Restate, exactly as written, the entries below from the line that holds "The design of" through the line that holds "Vendo impianto Ho". Pictures are not part of the copy.

SUPPLIED MATERIAL —
··········

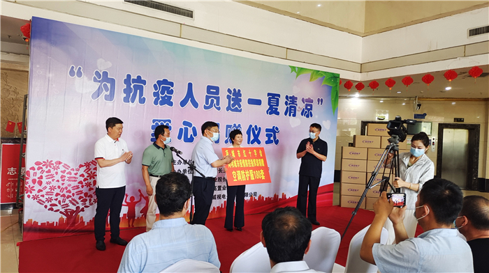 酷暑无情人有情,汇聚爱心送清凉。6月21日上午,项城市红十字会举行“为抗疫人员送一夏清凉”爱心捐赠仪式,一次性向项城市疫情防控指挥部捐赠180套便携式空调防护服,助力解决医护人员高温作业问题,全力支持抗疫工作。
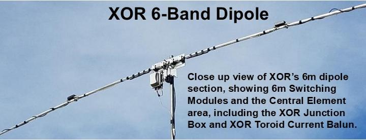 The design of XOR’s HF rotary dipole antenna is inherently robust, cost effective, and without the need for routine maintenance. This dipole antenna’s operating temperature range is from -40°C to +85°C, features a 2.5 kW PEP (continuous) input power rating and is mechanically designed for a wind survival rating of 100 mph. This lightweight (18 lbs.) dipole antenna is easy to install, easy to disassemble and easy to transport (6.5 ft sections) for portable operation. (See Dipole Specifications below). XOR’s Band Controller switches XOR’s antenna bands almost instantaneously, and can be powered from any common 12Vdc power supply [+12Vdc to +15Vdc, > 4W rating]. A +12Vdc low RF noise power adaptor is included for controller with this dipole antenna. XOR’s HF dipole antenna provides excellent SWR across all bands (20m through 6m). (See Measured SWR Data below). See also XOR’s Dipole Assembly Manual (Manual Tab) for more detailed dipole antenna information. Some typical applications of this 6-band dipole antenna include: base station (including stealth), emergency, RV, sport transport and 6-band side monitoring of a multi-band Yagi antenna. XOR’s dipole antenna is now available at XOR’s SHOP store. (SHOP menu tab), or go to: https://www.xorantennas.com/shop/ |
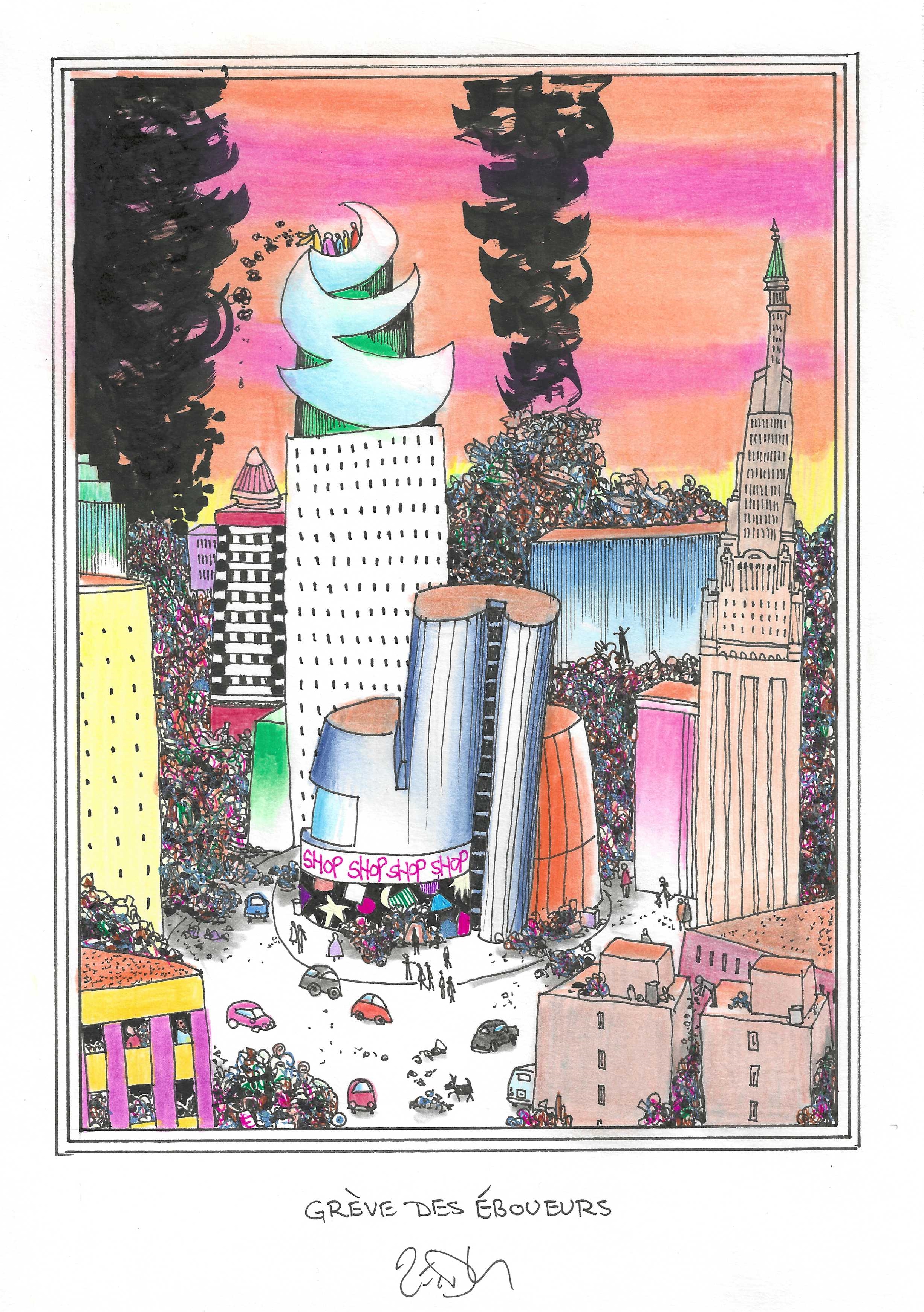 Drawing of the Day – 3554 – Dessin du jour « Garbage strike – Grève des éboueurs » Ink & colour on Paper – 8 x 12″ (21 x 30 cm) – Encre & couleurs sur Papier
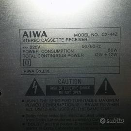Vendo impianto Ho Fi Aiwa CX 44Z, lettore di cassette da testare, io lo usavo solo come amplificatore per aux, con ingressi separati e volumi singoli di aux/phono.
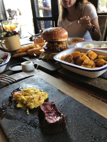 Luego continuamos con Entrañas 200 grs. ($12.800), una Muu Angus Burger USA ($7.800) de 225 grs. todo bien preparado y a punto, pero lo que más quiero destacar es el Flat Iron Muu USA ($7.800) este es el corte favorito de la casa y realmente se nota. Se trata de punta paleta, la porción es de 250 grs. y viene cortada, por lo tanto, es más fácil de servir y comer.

··········

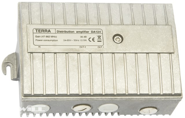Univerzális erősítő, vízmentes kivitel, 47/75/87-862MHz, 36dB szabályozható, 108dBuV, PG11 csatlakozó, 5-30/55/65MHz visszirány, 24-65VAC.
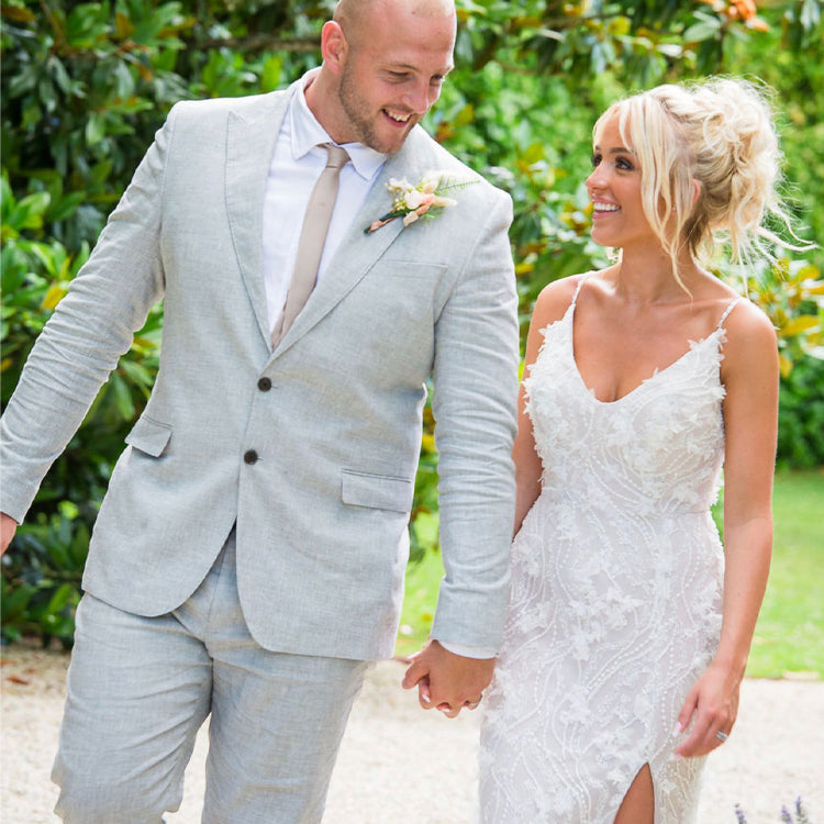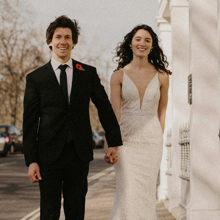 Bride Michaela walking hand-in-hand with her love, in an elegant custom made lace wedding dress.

··········

OUTPUT BELOW —
 The design of XOR’s HF rotary dipole antenna is inherently robust, cost effective, and without the need for routine maintenance. This dipole antenna’s operating temperature range is from -40°C to +85°C, features a 2.5 kW PEP (continuous) input power rating and is mechanically designed for a wind survival rating of 100 mph. This lightweight (18 lbs.) dipole antenna is easy to install, easy to disassemble and easy to transport (6.5 ft sections) for portable operation. (See Dipole Specifications below). XOR’s Band Controller switches XOR’s antenna bands almost instantaneously, and can be powered from any common 12Vdc power supply [+12Vdc to +15Vdc, > 4W rating]. A +12Vdc low RF noise power adaptor is included for controller with this dipole antenna. XOR’s HF dipole antenna provides excellent SWR across all bands (20m through 6m). (See Measured SWR Data below). See also XOR’s Dipole Assembly Manual (Manual Tab) for more detailed dipole antenna information. Some typical applications of this 6-band dipole antenna include: base station (including stealth), emergency, RV, sport transport and 6-band side monitoring of a multi-band Yagi antenna. XOR’s dipole antenna is now available at XOR’s SHOP store. (SHOP menu tab), or go to: https://www.xorantennas.com/shop/ |
 Drawing of the Day – 3554 – Dessin du jour « Garbage strike – Grève des éboueurs » Ink & colour on Paper – 8 x 12″ (21 x 30 cm) – Encre & couleurs sur Papier
Vendo impianto Ho Fi Aiwa CX 44Z, lettore di cassette da testare, io lo usavo solo come amplificatore per aux, con ingressi separati e volumi singoli di aux/phono.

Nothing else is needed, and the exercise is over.